### DESCRIPTION OF THE TASK
Although the entries contain pictures, your copy should hold only their exact text.

### MATERIAL FOR THIS TASK
☆ ☆ ☆
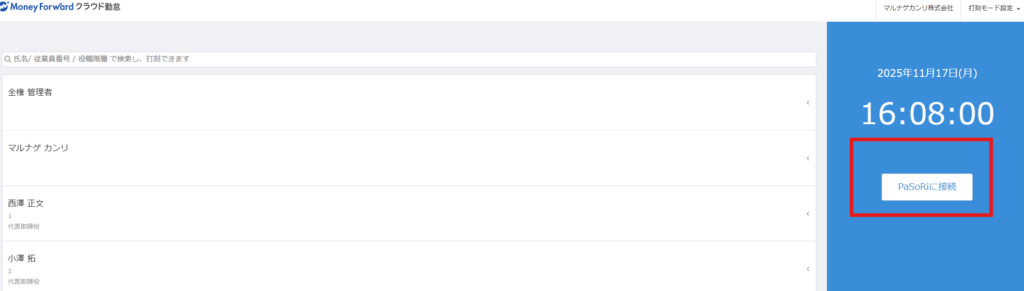 - 打刻モード画面の「PaSoRiに接続」をクリックし、接続を行います。
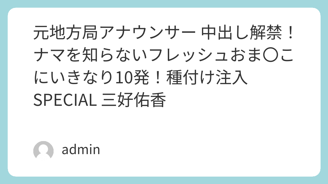 【女子アナ専属・三好佑香が人生初の中出し解禁】期待と緊張が入り混じる長身お姉さん!直接粘膜お触り未体験の美マンにギンギン生チンポを挿入!一回ゴムありSEXもしてみたけど、やっぱりナマの感触忘れられず自ら生チンハメ!初めての中出しホカホカ精子を観察!続けて親父と濃厚ベロキスで感度グイ上がりした子宮にねっちょり中出し性交!さらには底辺男たちが集まってヒクつくマンコに大量ぶっかけ!最後は徹底的に孕ます子袋ガン突き3Pファック!いきなり計12発の大量精子を注入!新卒女子アナが生チンポに速攻ドハマりして寿退社するほどの種付けSPECIAL!
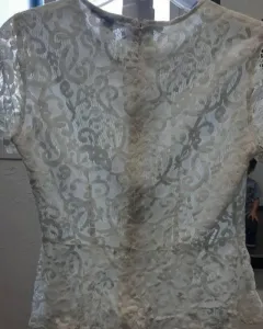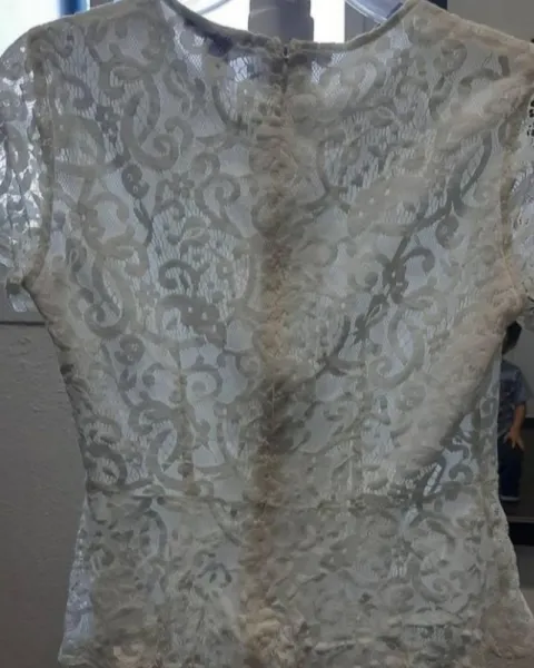 Blusa blanca de encaje, cuello redondo, manga corta, tiene un forrito que evita transparencia. Talla S y sin detalles.
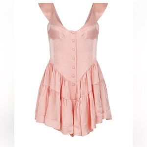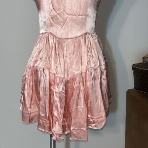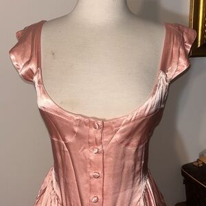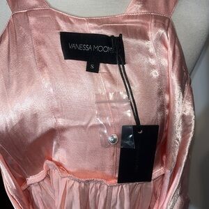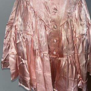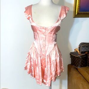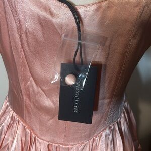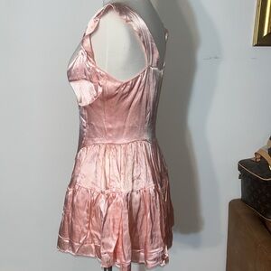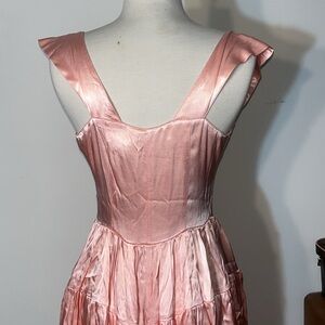 Chic pink satin dress with ruffled sleeves and skirt. Perfect for a stylish look. The Elizabeth Dress tags attached
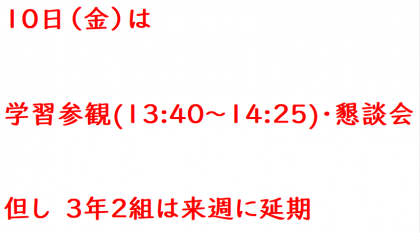 ※ただし、3年2組の学習参観・懇談会は来週17日に延期させて頂きます。
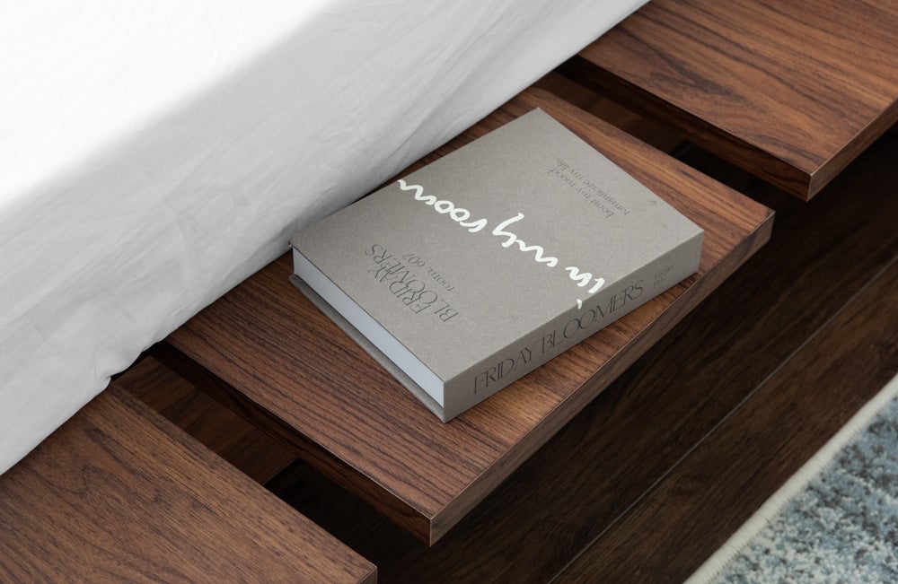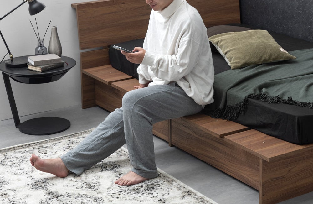 前述のとおり、ステージベッドはサイドフレームがマットレスよりも大きく、ワイドなサイズ感であることから左右のステージ部分に余裕があることで見た目もゆったりとしており、さまざまな使い方が可能です。
☆ ☆ ☆
### EXERCISE RESULT
 - 打刻モード画面の「PaSoRiに接続」をクリックし、接続を行います。
 【女子アナ専属・三好佑香が人生初の中出し解禁】期待と緊張が入り混じる長身お姉さん!直接粘膜お触り未体験の美マンにギンギン生チンポを挿入!一回ゴムありSEXもしてみたけど、やっぱりナマの感触忘れられず自ら生チンハメ!初めての中出しホカホカ精子を観察!続けて親父と濃厚ベロキスで感度グイ上がりした子宮にねっちょり中出し性交!さらには底辺男たちが集まってヒクつくマンコに大量ぶっかけ!最後は徹底的に孕ます子袋ガン突き3Pファック!いきなり計12発の大量精子を注入!新卒女子アナが生チンポに速攻ドハマりして寿退社するほどの種付けSPECIAL!
 Blusa blanca de encaje, cuello redondo, manga corta, tiene un forrito que evita transparencia. Talla S y sin detalles.
 Chic pink satin dress with ruffled sleeves and skirt. Perfect for a stylish look. The Elizabeth Dress tags attached
 ※ただし、3年2組の学習参観・懇談会は来週17日に延期させて頂きます。
 前述のとおり、ステージベッドはサイドフレームがマットレスよりも大きく、ワイドなサイズ感であることから左右のステージ部分に余裕があることで見た目もゆったりとしており、さまざまな使い方が可能です。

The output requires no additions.